Coming to faith and/or coming back to faith

I am always curious about how people come to faith. What means has the Spirit of God used to turn their hearts and lives toward him? As I have read and heard different life stories I have come to realize that there are varied entry points on the journey – sometimes head, sometimes heart, sometimes hands and sometimes a combination of head, heart or hands. Recently I had a personal conversation with someone whose intellect I highly respect and it was fascinating to me that, while the Spirit began the dialogue through intellectual engagement, the actual moment of acceptance came through a unique physical phenomenon – almost a Saul/Paul Damascus road kind of experience that defied logical explanation.  So it was very interesting to read how one of the leading atheists of our time, Anthony Flew, describes his coming to faith in his new book, There is a God: How the World’s Most Notorious Atheist Changed His Mind.
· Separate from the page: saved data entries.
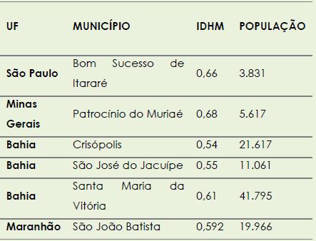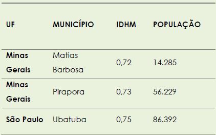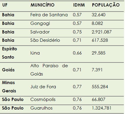 Com base nos dados apresentados nas tabelas e gráficos acima, observa-se que considerando a população, o IDHM e a divisão por regiões brasileiras, há uma grande diversidade no perfil dos 49 municípios apresentados. Tal perfil engloba municípios grandes e pequenos, com IDHM alto e baixo e que compõem as regiões mais desenvolvidas e menos desenvolvidas economicamente.
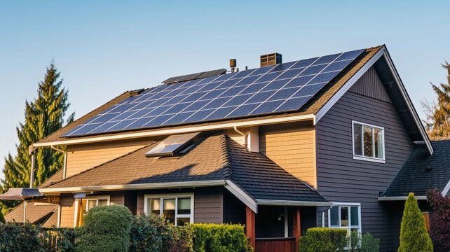 Solar panels on a pitched roof. A beautiful modern home and solar energy. Rays of sunlight. Visualization - video effect, outline
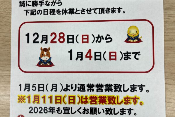 明石吉田屋産業株式会社 車検センター 「年末年始休業日のお知らせ」
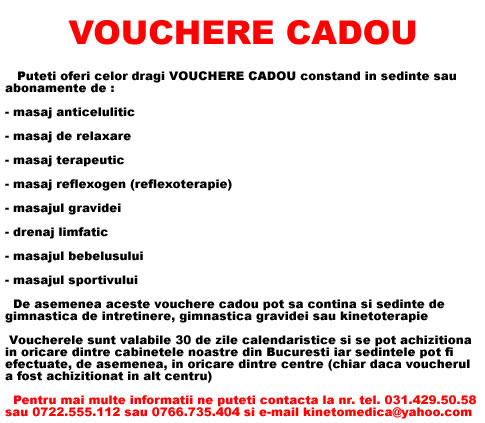 Achizitionati vouchere cadou reduceri Bucuresti pentru diferite sedinte sau abonament de masaj sector 1 2 - putem trimite si prin curierat rapid oriunde in Romania
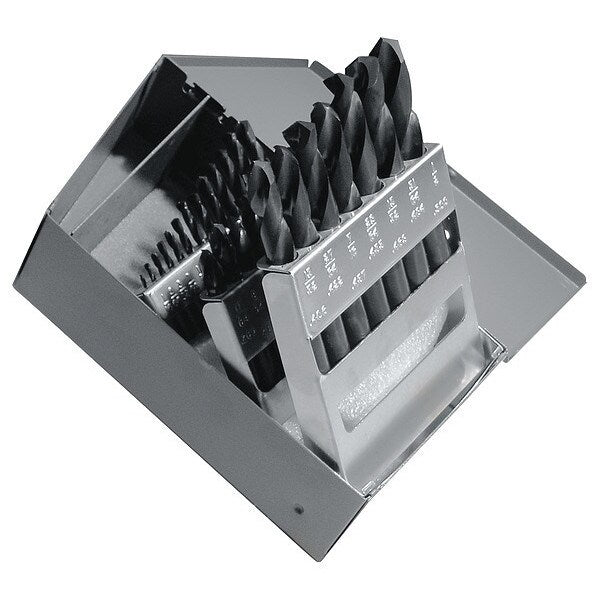 SKU G3374240CategoriesDescription Screw Machine Drill Bit Set, Number of Drill Bits 29, 135 Degrees Drill Bit Point Angle, High Speed Steel, Black Oxide, Drill Bit Sizes Included 1/16 in, 1/2 in, 1/4 in, 1/8 in, 11/32 in, 11/64 in, 13/32 in, 13/64 in, 15/32 in, 15/64 in, 17/64 in, 19/64 in, 21/64 in, 23/64 in, 25/64 in, 27/64 in, 29/64 in, 3/16 in, 3/32 in, 3/8 in, 31/64 in, 5/16 in, 5/32 in, 5/64 in, 7/16 in, 7/32 in, 7/64 in, 9/32 in, 9/64 in, Fractional Inch, Drill Bit Point Type Split PointgraingerSKU: , mscSKU: , zoro_no: G3374240, mongo_id: 65bbe6653aaddbd5a9029592
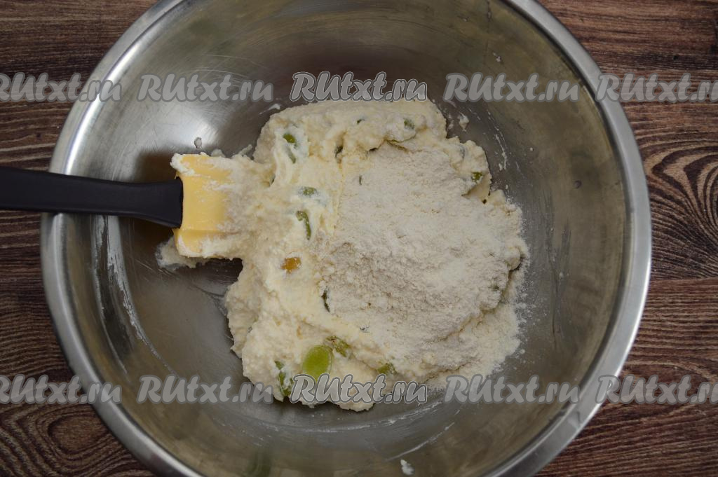 В итоге должно получиться комковатое, липкое творожно-виноградное тесто, из которого можно слепить округлый сырник, который будет хорошо держать форму.
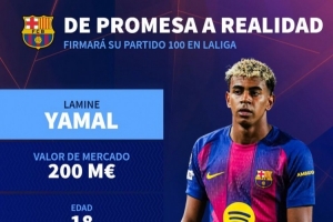 據(jù)德國轉(zhuǎn)會市場統(tǒng)計,如果18歲的亞馬爾此役出戰(zhàn),他將達成西甲100場比賽里程碑。

Born as the son of a leading preacher in England, Anthony Flew was raised in a Christian home and attended a private Christian school. Over the course of his academic career he authored over thirty works of philosophy that set him apart as the world’s pre-eminent defender of atheism for over a half a century. He debated C.S. Lewis as a regular member of the Oxford University Socratic Club and organized conferences promoting atheism. (Sidebar: It is interesting to note that a philosopher out of the Reformed tradition, Alvin Plantinga, is cited as one of those who shook his argument.)

Flew came to faith by reason – he simply could not deny the activity of a creative Intelligence:

“What I think the DNA material has done is that it has shown, by the almost unbelievable complexity of the arrangements which are needed to produce (life), that intelligence must have been involved in getting these extraordinarily diverse elements to work together. It’s the enormous complexity of the number of elements and the enormous subtlety of the ways they work together. The meeting of these two parts at the right time by chance is simply minute.”

He goes on to discuss the “monkey theorem” of Schroeder as an example of this minute possibility of creation simply happening by chance: the likelihood of monkeys getting the letter “a” typed is 1 out of 27,000, the chance of getting a Shakespearean sonnet typed is 10 to the 690th – 1 with 690 zeroes after it; therefore proving that you will never get a sonnet by chance from monkeys.

Flew states that his journey toward faith has “led me to accept the existence of a self-existent, immutable, immaterial, omnipotent, and omniscient Being.” He takes Richard Dawkins, Sam Harris and other current atheist apologists to task for both failing to address the central grounds for God’s existence and for failing to present “a plausible worldview that accounts for the existence of a “law-abiding,” life supporting, and rationally accessible universe.” He pronounces Dawkin’s rejection of God as a matter of belief without proof – blind faith.

One of the most compelling statements made in the book is his reflection on Barna’s data that what you believe by the time you are thirteen is what you will die believing. He states: “Whether or not this finding is correct, I do know that the beliefs I formed in my early teenage years stayed with me for most of my adult life.” What a strong statement in support of teaching a Christian worldview throughout all subjects in Christian schools!


Filed under Biblical worldview, encouraging the heart, student outcomes

2 responses to “Coming to faith and/or coming back to faith

  1. Bruce Hekman

    A fascinating account and a great encouragement to many parents whose children, raised in faith, have drifted away. We trust God and the work of the Holy Spirit to draw them back.

  2. Really interesting. I have to add the book to my list of reading.